24 KiB
Setting up the database¶
Source data takes a lot of space, and might overwhelm the amount of RAM available on the computer. For this reason, we will use a database to work with the source data, so we can offload a bunch of the data from RAM to disk. The included compose.yaml file contains docker instructions to set up a PostgreSQL database with PostGIS. Run it first using
sudo docker compose up -d
The next cell creates the tables used in the database. This requires the psycopg2 library.
import psycopg2
def initialize_database():
connection = psycopg2.connect(database='database', host='localhost', user='database', password='database', port=5432)
with connection:
with connection.cursor() as cursor:
cursor.execute('''
CREATE TABLE IF NOT EXISTS nodes(
id INTEGER PRIMARY KEY GENERATED ALWAYS AS IDENTITY,
position GEOMETRY(PointZ) NOT NULL
);
''')
cursor.execute('''
CREATE TABLE IF NOT EXISTS edges(
id INTEGER GENERATED ALWAYS AS IDENTITY,
start_point_id INTEGER NOT NULL REFERENCES nodes(id) ON DELETE CASCADE,
end_point_id INTEGER NOT NULL REFERENCES nodes(id) ON DELETE CASCADE,
motorway BOOLEAN NOT NULL,
speed_limit INTEGER NOT NULL,
tunnel BOOLEAN NOT NULL,
passable_same_direction BOOLEAN NOT NULL,
passable_opposite_direction BOOLEAN NOT NULL,
CONSTRAINT no_loops CHECK (start_point_id IS DISTINCT FROM end_point_id)
);
CREATE UNIQUE INDEX IF NOT EXISTS no_repeats ON edges (LEAST(start_point_id, end_point_id), GREATEST(start_point_id, end_point_id));
''')
Constants¶
# Combine nodes closer than this distance from each other into the same node (in metres)
MINIMUM_NODE_DISTANCE = 1
# If we don't have a speed limit value in our data, use this as default
DEFAULT_SPEED_LIMIT = 0
# Support reading other data than just UTM33 for Norway
SOURCE_DATA_EPSG_CODE = "EPSG:32633"
Reading source data¶
Next, we need to read source data. The Norwegian Elveg 2.0 data is available in both SOSI and GML formats. I downloaded it in GML, since SOSI kind of seems old-fashioned. If you want to read other data types, write another conversion function below. Note that it is assumed that the units of the X, Y and Z coordinates are meters, so if necessary, convert the data into something like UML.

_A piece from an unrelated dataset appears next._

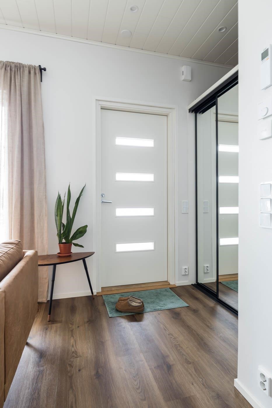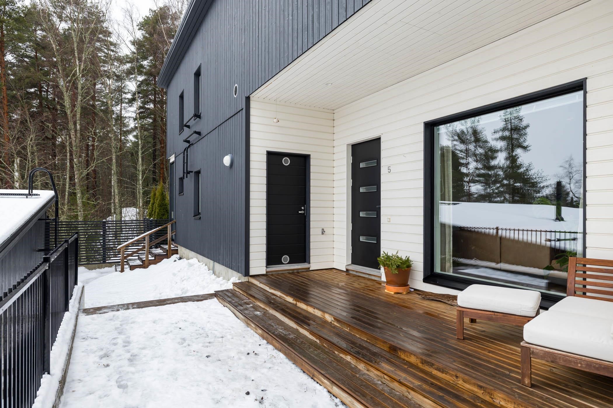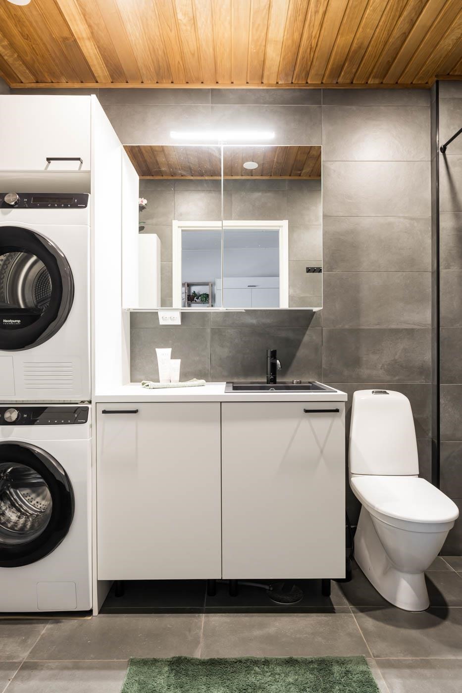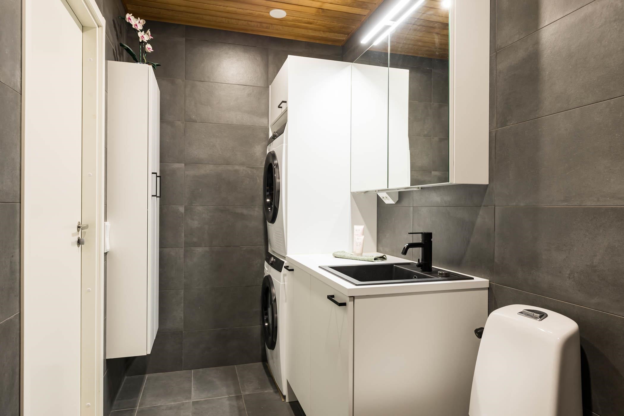 Takapihan kalliomaisema tuo suojaa ja rauhaa, luoden täydellisen puitteen rentoutumiselle. Puustellin keittiö ja olohuone muodostavat harmonisen kokonaisuuden, jossa vinyylilankkulattia tuo lämpöä ja tunnelmaa.Kylpyhuoneessa Puustellin kalusteet joiden sijoittelu mahdollistaa vaivattoman pyykkihuollon.

from dataclasses import dataclass
from typing import Optional
import xml.etree.ElementTree as ET
import re
@dataclass
class Node:
node_id: str
position_x: float
position_y: float
position_z: Optional[float]
@dataclass
class Edge:
start_point_id: str
end_point_id: str
speed_limit: int
motorway: bool
tunnel: bool
passable_same_direction: bool
passable_opposite_direction: bool
@dataclass
class LoadedFile:
nodes: list[Node]
edges: list[Edge]
x_extent: tuple[float, float]
y_extent: tuple[float, float]
def read_gml_file(file_location: str, print_progress: bool = False) -> LoadedFile:
nodes: list[Node] = []
edges: list[Edge] = []
x_extent = (1e99, -1e99)
y_extent = (1e99, -1e99)
geons = 'http://skjema.geonorge.no/SOSI/produktspesifikasjon/Elveg/2.0'
gmlns = 'http://www.opengis.net/gml/3.2'
tree = ET.parse(file_location)
root = tree.getroot()
motorways: set[str] = set()
speed_limits: dict[str, int] = {}
for motorway in root.findall(f'.//{{{geons}}}Motorveg'):
local_id = motorway.find(f'{{{geons}}}lineærPosisjon//{{{geons}}}lokalId').text
motorways.add(local_id)
for speed_limit in root.findall(f'.//{{{geons}}}Fartsgrense'):
speed_limit_value = int(speed_limit.find(f'.//{{{geons}}}fartsgrenseVerdi').text)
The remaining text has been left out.